» Problem to work on: The pictures get dropped, while every remaining part of the listing is copied exactly.

» Data below:

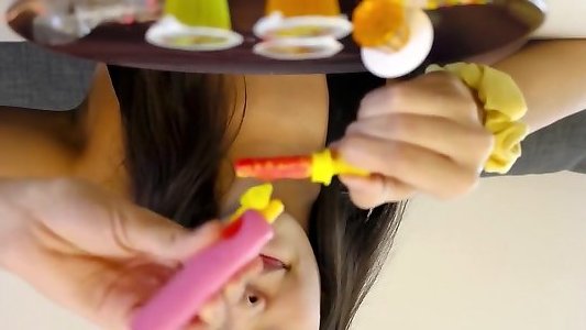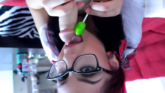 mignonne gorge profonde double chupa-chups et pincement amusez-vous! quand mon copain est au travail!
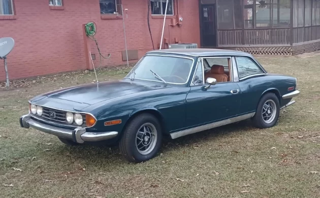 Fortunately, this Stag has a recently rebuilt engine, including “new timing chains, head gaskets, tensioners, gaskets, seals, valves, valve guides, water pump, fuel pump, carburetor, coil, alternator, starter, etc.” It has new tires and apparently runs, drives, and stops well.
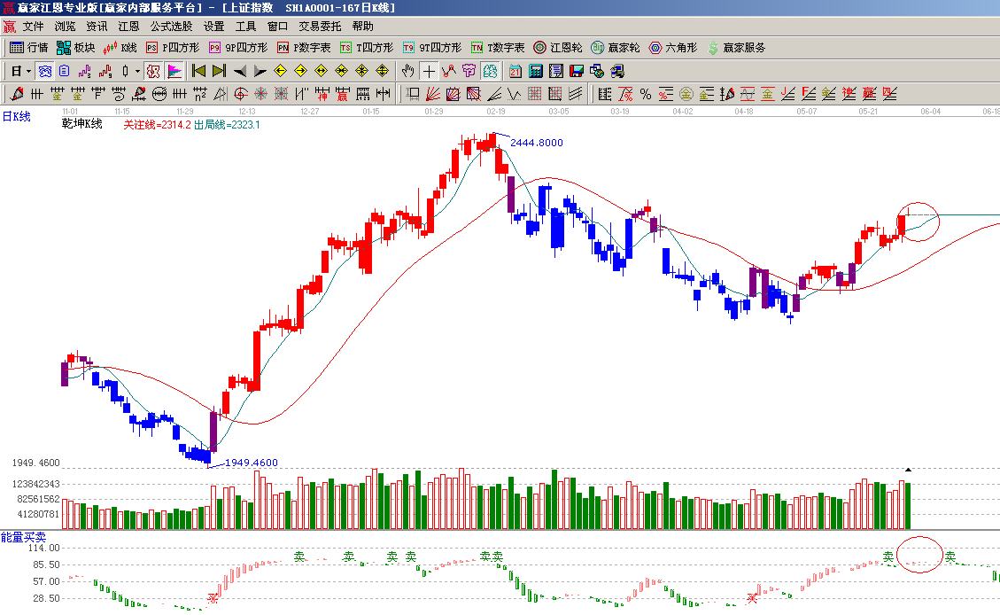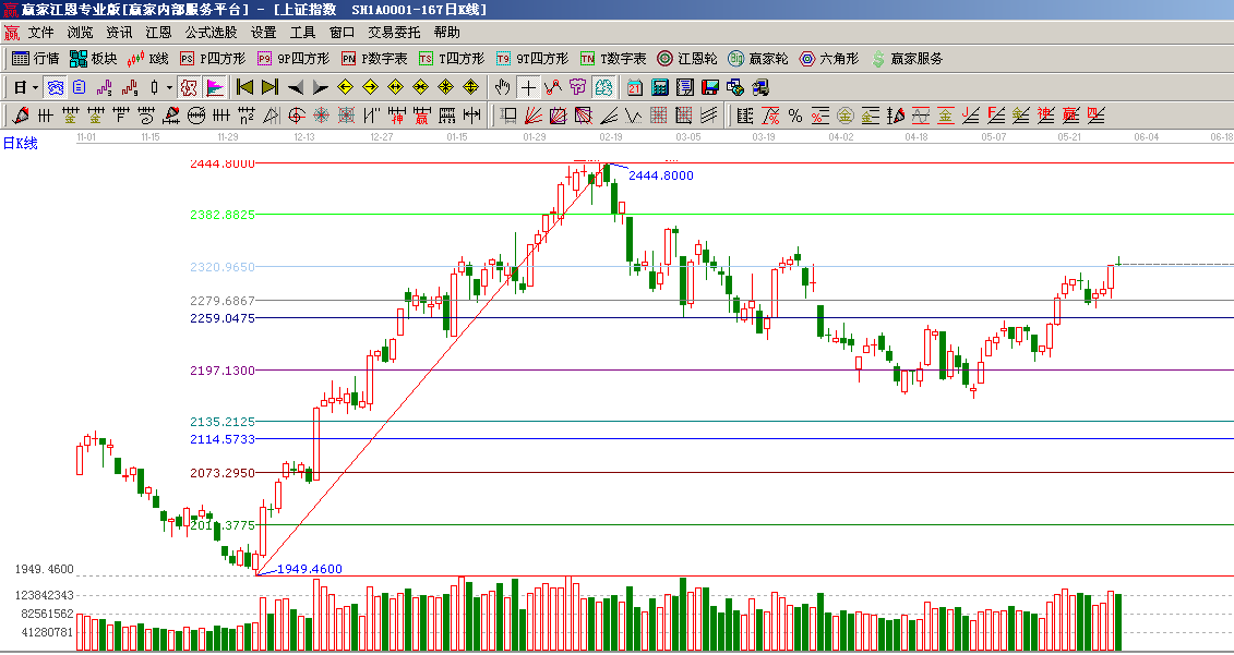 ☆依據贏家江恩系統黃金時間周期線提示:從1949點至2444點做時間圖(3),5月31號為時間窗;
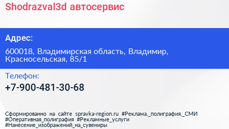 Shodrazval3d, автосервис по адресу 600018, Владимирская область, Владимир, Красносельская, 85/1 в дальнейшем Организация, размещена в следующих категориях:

» Answer to the exercise:
 mignonne gorge profonde double chupa-chups et pincement amusez-vous! quand mon copain est au travail!
 Fortunately, this Stag has a recently rebuilt engine, including “new timing chains, head gaskets, tensioners, gaskets, seals, valves, valve guides, water pump, fuel pump, carburetor, coil, alternator, starter, etc.” It has new tires and apparently runs, drives, and stops well.
 ☆依據贏家江恩系統黃金時間周期線提示:從1949點至2444點做時間圖(3),5月31號為時間窗;
 Shodrazval3d, автосервис по адресу 600018, Владимирская область, Владимир, Красносельская, 85/1 в дальнейшем Организация, размещена в следующих категориях:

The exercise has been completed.